In some cases inhibin is incapable of antagonizing activin action (22, 24), whereas in other studies, inhibin prevents activin signaling at low or equimolar concentrations (4, 25, 26). These observations suggested that inhibin responsiveness may require the presence of inhibin binding accessory proteins or coreceptors that increase the affinity of inhibin binding to the activin type II receptors and facilitate functional antagonism of activin signaling (22, 24, 27, 28). Indeed, the TGFß type III receptor, betaglycan, is now recognized as an inhibin coreceptor that binds both inhibin A and inhibin B with very high affinity, increases the affinity of the inhibins for the activin type II receptors, and allows low or equimolar levels of inhibins to functionally antagonize activin signaling (29, 30, 31). The inhibin-binding properties of betaglycan differ with respect to the isoform of inhibin involved as well as the type of activin receptor present.

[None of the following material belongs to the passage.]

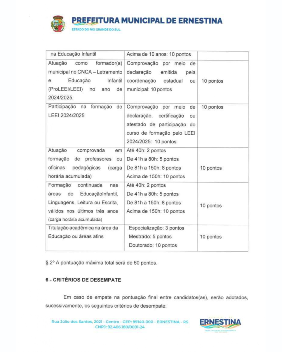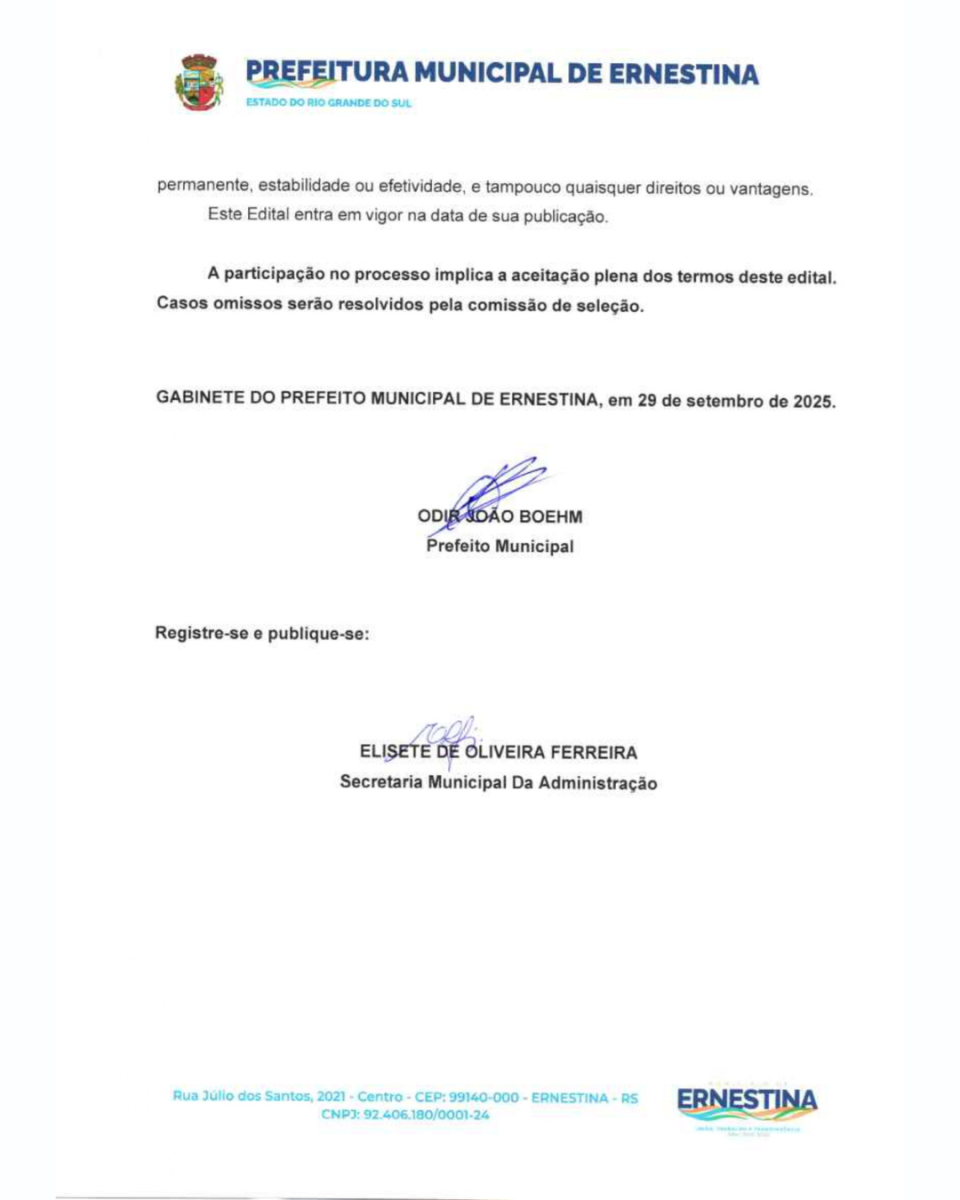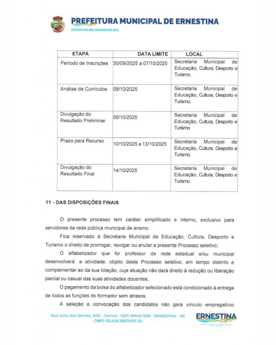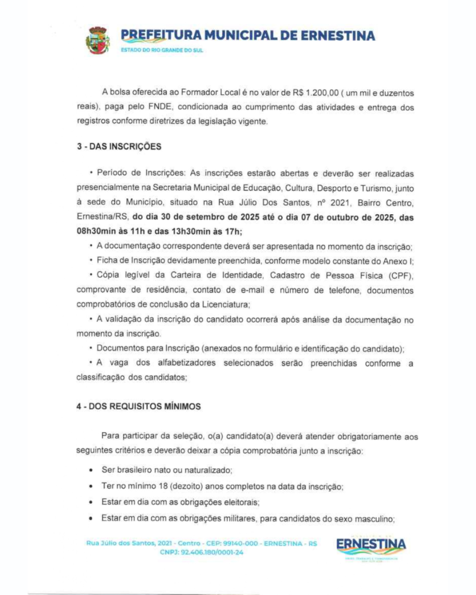 Período de Inscrições: As inscrições estarão abertas e deverão ser realizadas presencialmente na Secretaria Municipal de Educação, Cultura, Desporto e Turismo, junto à sede do Município, situado na Rua Júlio Dos Santos, nº 2021, Bairro Centro, Ernestina/RS, do dia 30 de setembro de 2025 até o dia 07 de outubro de 2025, das 08h30min às 11h e das 13h30min às 17h;

During the female reproductive cycle, changes in the availability of inhibin and the inhibin binding coreceptors in the pituitary gonadotrope would be expected to influence activin-stimulated FSH expression and secretion. Betaglycan mRNA is present in both anterior and intermediate lobes of the male rat pituitary; however, the majority of betaglycan protein is localized to the intermediate lobe (32, 33). Betaglycan colocalizes with the gonadotropin hormones as well as with GH and prolactin in the somatotrophs and lactotrophs of the male rat pituitary (33). In light of our recent data indicating that betaglycan function may depend on the available inhibin isoform (31), and the discordance of inhibin A and inhibin B secretion throughout the female reproductive cycle, we used immunofluorescence histochemistry to correlate pituitary betaglycan localization with circulating inhibin concentrations, FSHß expression in the gonadotrope, and serum FSH levels throughout the rat estrous cycle.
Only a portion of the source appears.